“How do you keep a wave upon the sand?”
In great restless fashion I found myself back in LA this week. My mom had won some tickets to see The Sound of Music which just opened down at The Ahmanson. As an unemployed vagabond, it was the best excuse I could find to get back to my hometown. My little sister, the theater production major, joined us for the evening studying the show with a critical eye.
But what’s a night out at the playhouse without a proper pre-theater meal? I can sense what you’re expecting. “Jaimee! What magical 3-course prix fixe did you try?”
Now I’m going to take a bit of detour here both figuratively and literally to talk about traffic in LA. Any rightful Angeleno could write a manuscript on LA traffic as long as War and Peace (wouldn’t be a bad title either.) Luckily for you, the only point I’m making today is that traffic in this city is unpredictable. Sure you have your trends, rush hours, the usual.

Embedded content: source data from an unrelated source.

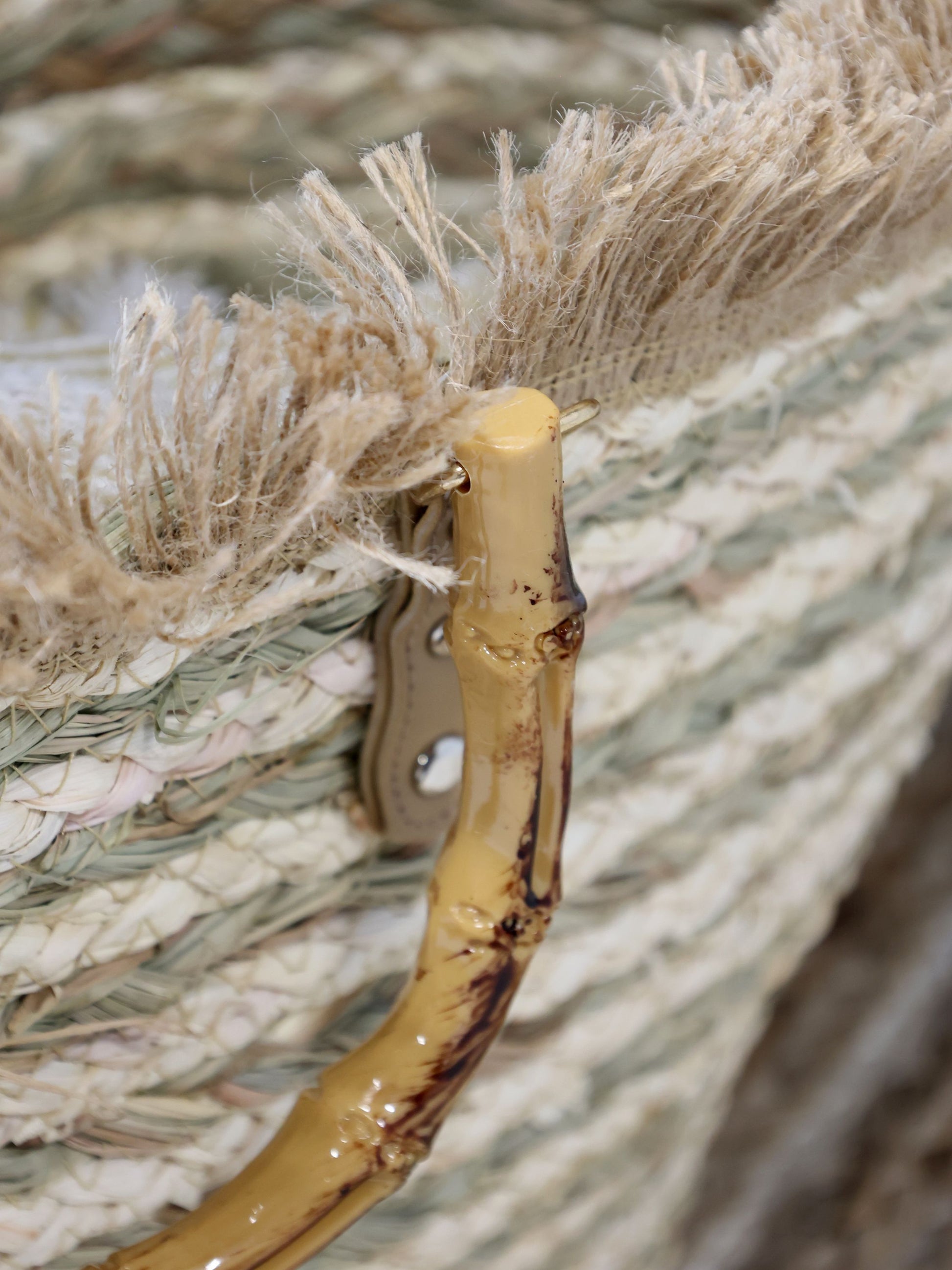 De elegante bambushåndtag giver tasken et eksklusivt look, mens de håndflettede naturmaterialer og de let frynsede kanter tilfører et rustikt og afslappet præg. Tasken er rummelig og let – ideel til hverdagens sommeraktiviteter.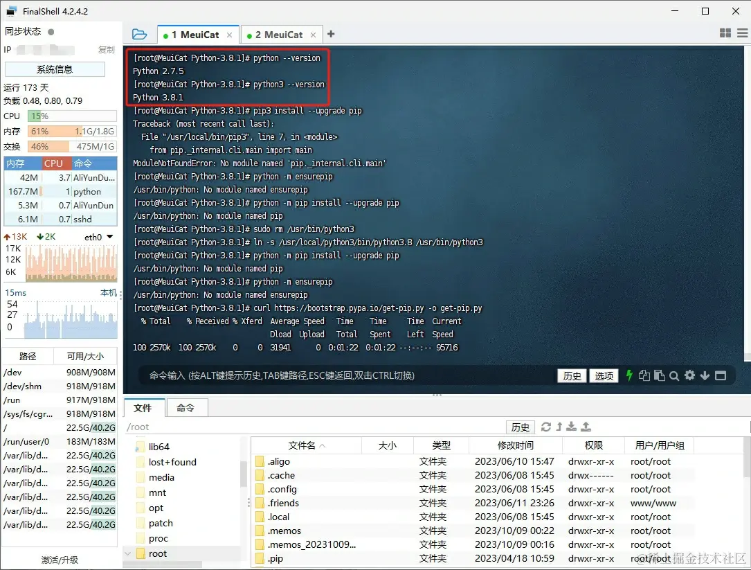 检查你的服务器Python版本是否在 3.7.1~3.9.X 之间,推荐3.8版本,如果满足条件则可跳过第5、6步骤。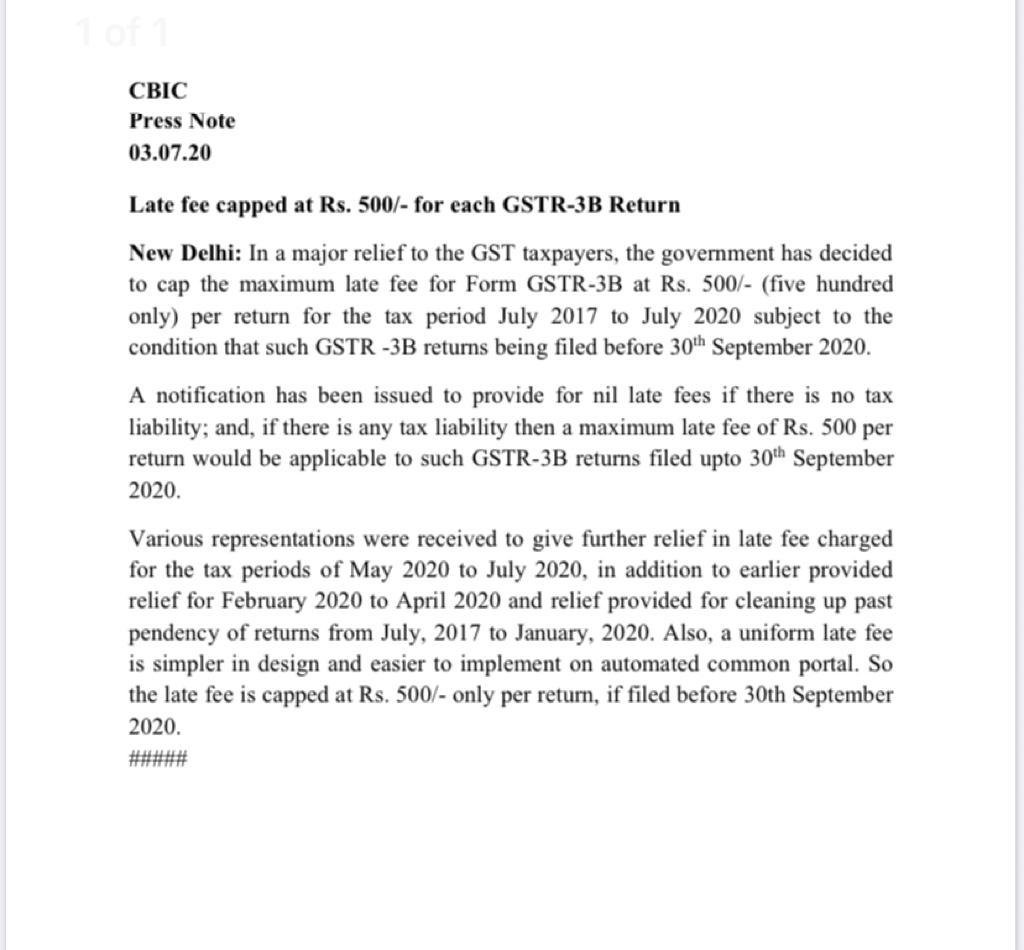 | 25 | 2020 | Press Note dated 03.07.2020 | Title : CBIC New Delhi Press Note dated 03.07.2020 Description : Late Fee Capped at Rs.500/- for each GSTR-3B Return | Title : सीबीआईसी नई दिल्ली प्रेस नोट दिनांक 03.07.2020 Description : प्रत्येक GSTR-3B रिटर्न के लिए लेट फीस 500 / - रु |  |  |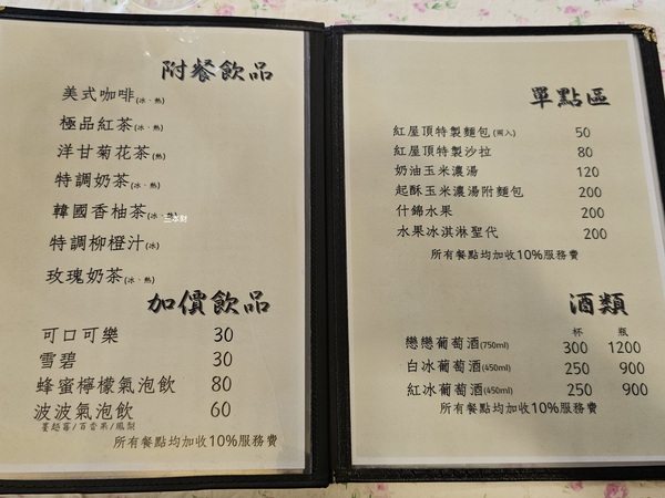 紅屋頂庭園西餐廳~菜單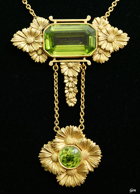 アールヌーボー ペリドット ネックレス フランス 1890〜1900年頃 ペリドット、18K モチーフ部分の長さ4,8cm×2,6cm 大きなペリドット0.9cm×1.4cm 小さなペリドット直径0.7cm 重量10.4g Sold 良い物は良い!♪(笑)でもほんと見惚れちゃいますね・・・。 このマット・ゴールドは希に見る美しい物です!♪見事な彫金のマーガレットにとても上質のペリドットがセットされた ネックレスは、見る者の心を捕らえて放しません!! |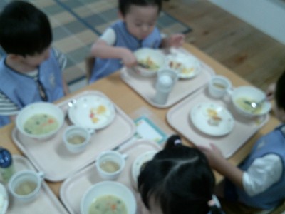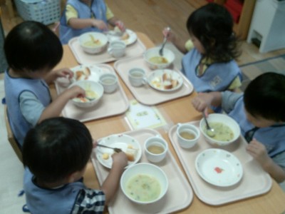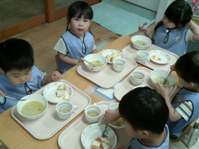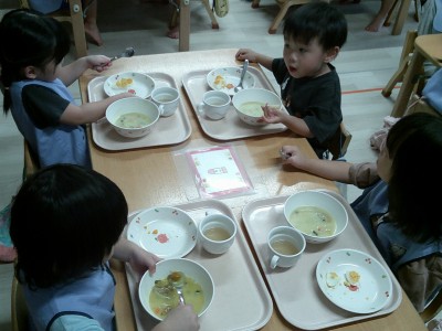 2歳児クラス毎日登園すると、今日の給食は何かな?と楽しみにする子ども達!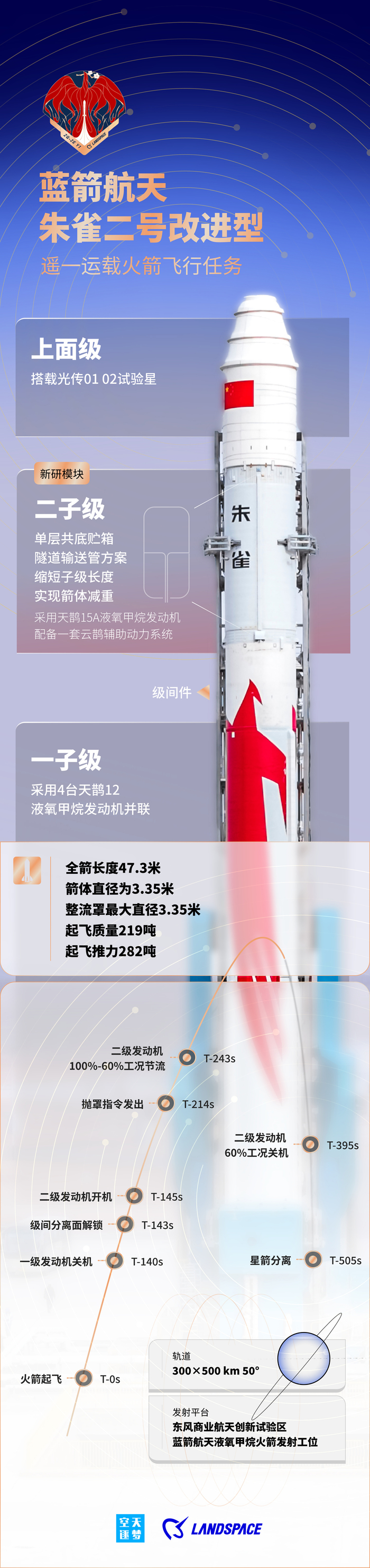 IT之家查询官方资料获悉,朱雀二号改进型(ZQ-2E)运载火箭为两级构型,箭体直径 3.35 米,全箭高度 47.3 米(基本型 49.5 米),起飞重量 220 吨(基本型 219 吨),起飞推力 282 吨(基本型 268 吨),一级采用 4 台天鹊 80 吨级液氧甲烷发动机 TQ-12 并联,二级采用 1 台天鹊 80 吨级液氧甲烷发动机 TQ-15A。
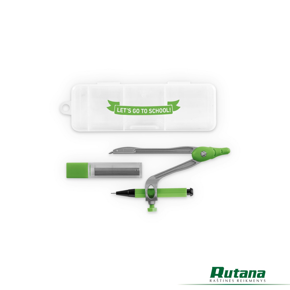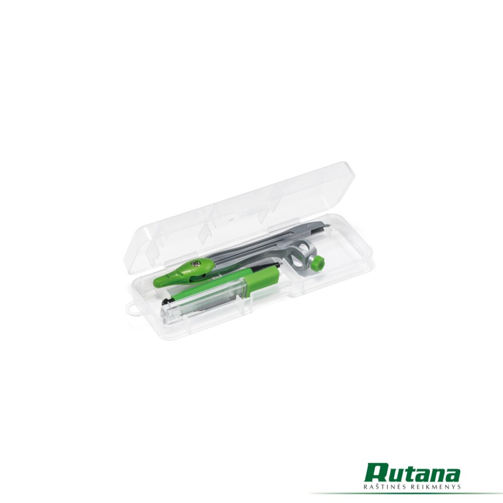 Geometrijos mokyklinis rinkinys PP dėkle. Rinkinį sudaro 1 skriestuvas, 1 mechaninis pieštukas ir 10 vnt. grafitinių šerdelių 0.5 mm storio.

But to quote an exact time in which you can make it to a destination is near impossible, even for your “rose gold” iPhone 6s’ GPS.
Long story short, my mother and I missed the exit we should’ve taken and realized the next was going to drop us in the heart of Chinatown. A quick phone call to my sister enlightened us that she was about an exit away from Chinatown as well. Impossible to time such an occurrence any better as we drove from the valley and she all the way from San Diego. Alas we did what any Chinese American family would do and stopped at our usual Dim Sum spot, this time for a seafood dinner.
Seeing how cultures shape ethnic foods has always been incredibly interesting to me. I often pop into fast-food chains abroad just to see what specialty cuisine they may offer. Growing up to hear peers say how much they love Chinese food because “Panda Express is awesome!” I couldn’t be more aware of this cultural influence. I think I learned to control my anger at a young age simply through remarks like this. “Panda. Express. Is. Not. Chinese. Food.” I would attempt to explain.
With age comes wisdom, and now with a full 23 years under my belt I’m beginning to accept the idea of American Chinese food. In an unrelated incident I watched a very niche documentary on General Tso’s chicken (which admittedly I do not eat.) But the documentary is enlightening, quirky, and visually stunning. Best of all, it’s currently available on Netflix. It’s fascinating to consider the idea of a dish going viral.
Sorta like this post! Share with your friends, pass along on pinterest! And if you’re not done yet with Chinese food, you’re in luck. Tonight is the Mid-Autumn Festival (along with a Supermoon Eclipse). Try out one of these recipes tonight if you want to try your hand at some more traditional Chinese foods. Mooncakes anyone?
P.S. The Sound of Music was brilliant; if you have the opportunity to see it I highly recommend!